It would have been nice if the troublesome feature halted interpretation at the end of the function definition, but even provisioning functions from environment variables was something that network service developers could not have anticipated. Indeed, they probably didn't anticipate the use of Bash at all — they were merely passing data to a child process in a generic fashion, and the use of Bash was often simply a result of how the system administrator or the distribution maintainer connected the pieces. Thus, Shellshock falls into an elusive category of emergent vulnerabilities that can arise in complex systems.

This class of vulnerability is particularly disturbing since most software is built around the idea of reusable modules of code, many of which may be supplied by external vendors, and connected in a vast number of combinations. We need engineering methods for dealing with this complexity, but I'm not sure exactly what these would be.
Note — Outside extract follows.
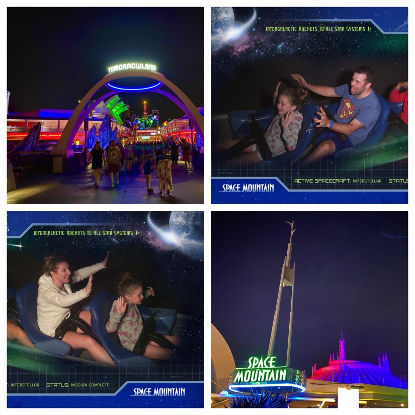 Daddy and Lexi headed over to Space Mountain while Mommy, Kate and William went on Winnie the Pooh–another favorite ride. After the ride was over, I knew we had pushed as far as we could with the two littles. They were tired and crabby. We grabbed some ice cream as we walked over to space mountain to wait for Daddy and Lexi. We did a quick rider switch and Lexi got to go on Space Mountain again with Mommy. Although the ride was pretty fun. I was fairly nervous for my Lexi. We were going pretty fast, couldn’t see anything and I was worried about her head bobbling around to much and getting some whip lash.

Perhaps interface definitions between software components could make formal guarantees about how the passed data will be used.
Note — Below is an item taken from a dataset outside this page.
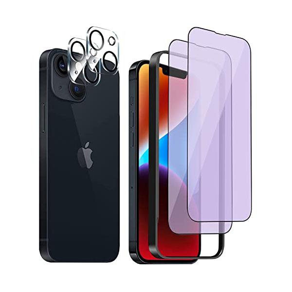 DZHFU ブルーライトカット iPhone 14 plus 用 強化ガラスフィルム 6.7インチ 硬度9H強化ガラス 滑らかなタッチ操作 指紋

Apple's “goto fail” bug and code correctness

Apple's goto fail bug, revealed in February 2014, prevented signature verification from happening properly in TLS handshakes, thus allowing man-in-the-middle attacks. The cause of the bug was a minor typo in the source code which led to unintended behavior. The program was incorrect — its behavior did not match its specification. Incorrect code can be produced by even the very best programmers, since these programmers are human beings and will occasionally make human mistakes.
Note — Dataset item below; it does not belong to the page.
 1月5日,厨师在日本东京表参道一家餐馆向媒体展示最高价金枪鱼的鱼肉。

Mike Bland believes that the “goto fail” bug could have been avoided by promoting a unit test culture, and Adam Langley suggests code reviews. These are both great ideas, especially for such critical code. However, I wonder if there are ways we can avoid creating these errors to begin with, instead of hoping to catch them later in a mop-up phase. Would use of functional languages like Haskell help us better express our intentions? Could formal methods and formal specifications be useful for catching such implementation errors?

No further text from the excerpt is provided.